Deux situations représentatives de notre expérience peuvent permettre de mieux appréhender l’importance de ces questions.

Michelle est bien connue de l’hôpital, c’est une dame d’une quarantaine d’années qui vit seule dans un studio avec son petit chien. Il est difficile de prévenir ses crises et d’organiser la prise en charge de son chien qui se retrouve donc systématiquement dans un chenil. Madame perçoit l’allocation aux adultes handicapés (AAH), elle ne peut pas financer de dog-sitter. Après trois prises en charge rapprochées, le chenil, porté par une association de bénévoles, nous indique qu’il ne pourra plus s’occuper de cet animal car cela devient trop récurrent. Mais ce chien est très important pour elle, à tel point qu’elle ne semble plus réellement faire la différence entre elle et son animal. Il lui est d’ailleurs arrivé de lui administrer parfois son propre traitement médicamenteux.

Ludovic est un jeune homme qui travaille dans un supermarché et qui vient de décompenser brutalement. Dans l’unité de post-urgence où il est accueilli, il signale qu’il a cinq chats et que sa sœur s’en occupe pendant son hospitalisation.
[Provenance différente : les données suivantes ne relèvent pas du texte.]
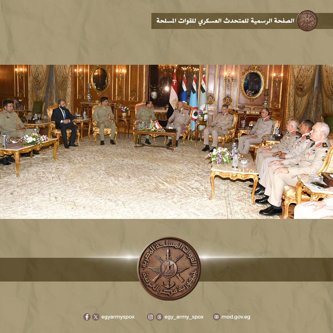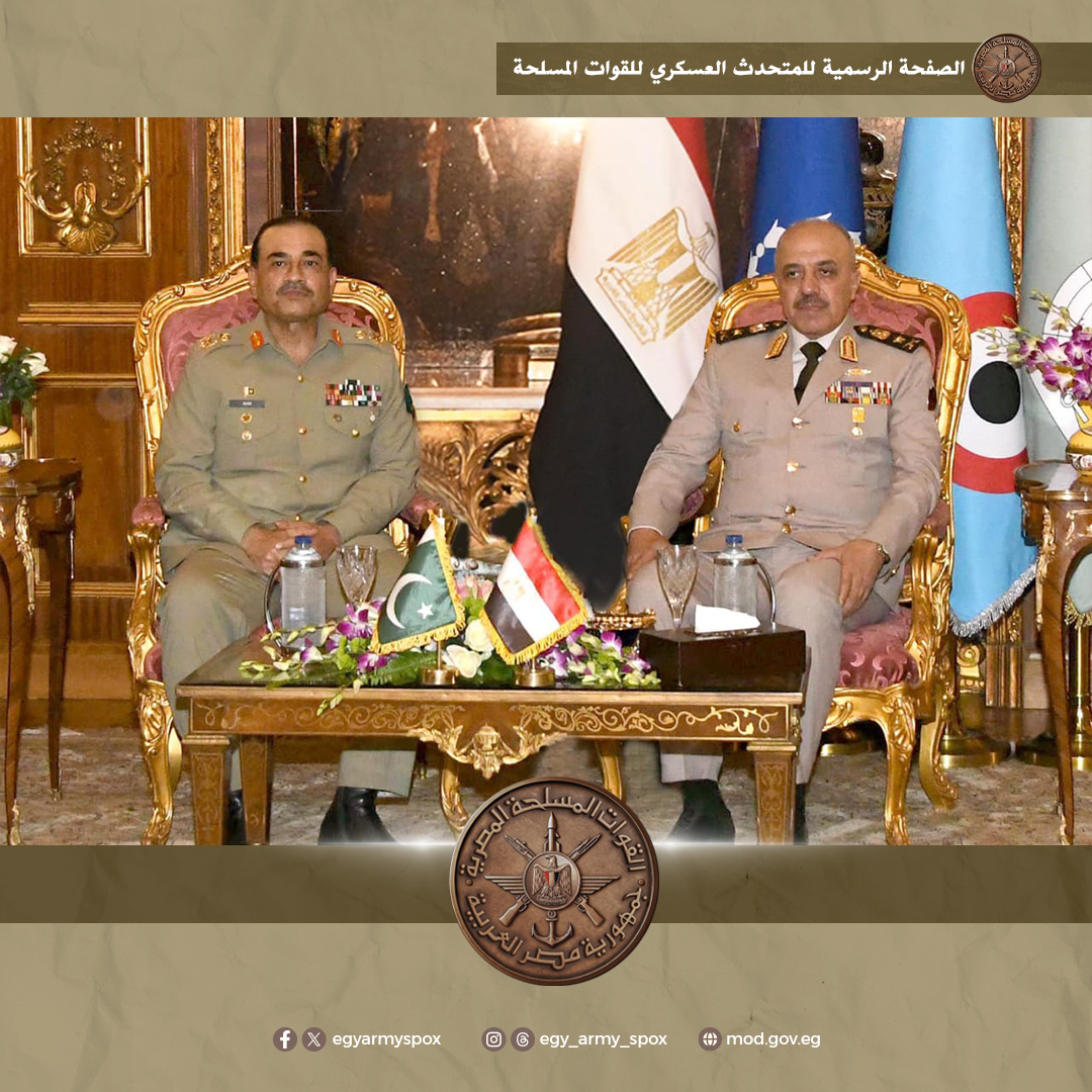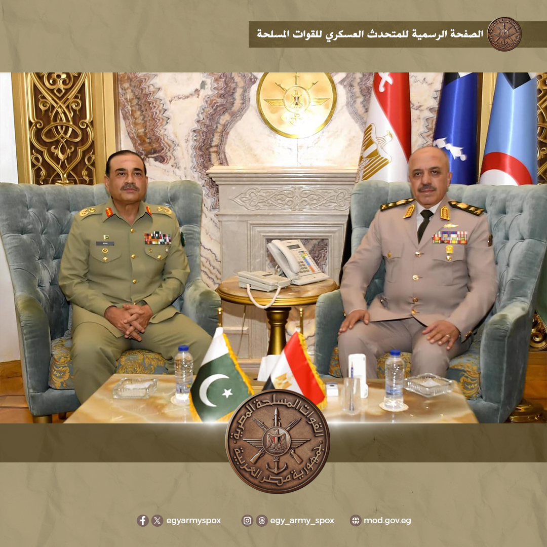 وفى سياق متصل التقى الفريق أحمد خليفة رئيس أركان حرب القوات المسلحة برئيس أركان القوات البرية الباكستانية حيث أجريت له مراسم استقبال رسمية بمقر الأمانة العامة لوزارة الدفاع وعزفت الموسيقات العسكرية السلام الوطنى لكلا البلدين، وتناول اللقاء سبل تعزيز التعاون وتبادل الخبرات فى مختلف المجالات العسكرية بين القوات المسلحة المصرية والباكستانية.

Le médecin demande à l’assistante sociale de le raccompagner chez lui à la sortie de l’hôpital pour évaluer l’état du domicile, car au vu de son hygiène personnelle nous suspectons un syndrome de Diogène. Effectivement, les chats, dont certains, très jeunes, vivent dans un petit studio extrêmement sale, leurs excréments jonchent le sol. La nourriture est quant à elle posée sur un petit bout de carton sur le carrelage. Les chats semblent effrayés par notre présence. Nerveux, ils se cachent sous le lit. Monsieur témoigne une grande tendresse à ses animaux, il explique que, grâce à eux, il sort faire des courses pour leur acheter à manger. Il n’a aucun lien social.

Comme cela est mis en évidence ici, les limites de la relation peuvent constituer un obstacle à l’hospitalisation. Elles peuvent aussi parfois basculer vers de la maltraitance, notamment quand le patient n’est plus en capacité de s’occuper de lui-même et par conséquent de son animal. Quelles solutions pouvons-nous proposer ? Comment aider les patients à prendre soin de leurs animaux ? Comment préserver et valoriser ce lien ? Comment concilier l’hospitalisation consentie et apaisée avec la préservation de ce lien ? Aujourd’hui, lorsque nous sommes confrontés à ce type de situation, les alternatives sont limitées et aucun cadre n’est formalisé. Les solutions peuvent être soit l’intervention de l’entourage, soit le déplacement d’un professionnel qui accompagne le patient à son domicile afin de nourrir l’animal, soit la prise en charge de l’animal par le service d’écologie urbaine ou de la SPA. Toutefois, les séjours à l’hôpital des patients, parfois contraints et souvent organisés dans l’urgence, sont difficiles pour leurs animaux, voire fatals dans certains cas. Il nous semble indispensable de venir questionner cette problématique, afin qu’ensemble, nous puissions trouver des solutions pérennes et rassurantes pour les patients, leurs animaux et les professionnels qui les accompagnent. 

Note de bas de page

(1) Ces réflexions ont donné lieu à la création d’un groupe de travail, constitué d’assistantes sociales en intrahospitalier et extrahospitalier, d’éducateurs, de mandataires judiciaires et soutenu par le Réseau social rue-hôpital (RSRH) et l’Orspere-Samdarra. L’objectif du groupe était de se sensibiliser à la problématique et de travailler à la mise en place de réponses adaptées en partant des expériences d’autres hôpitaux.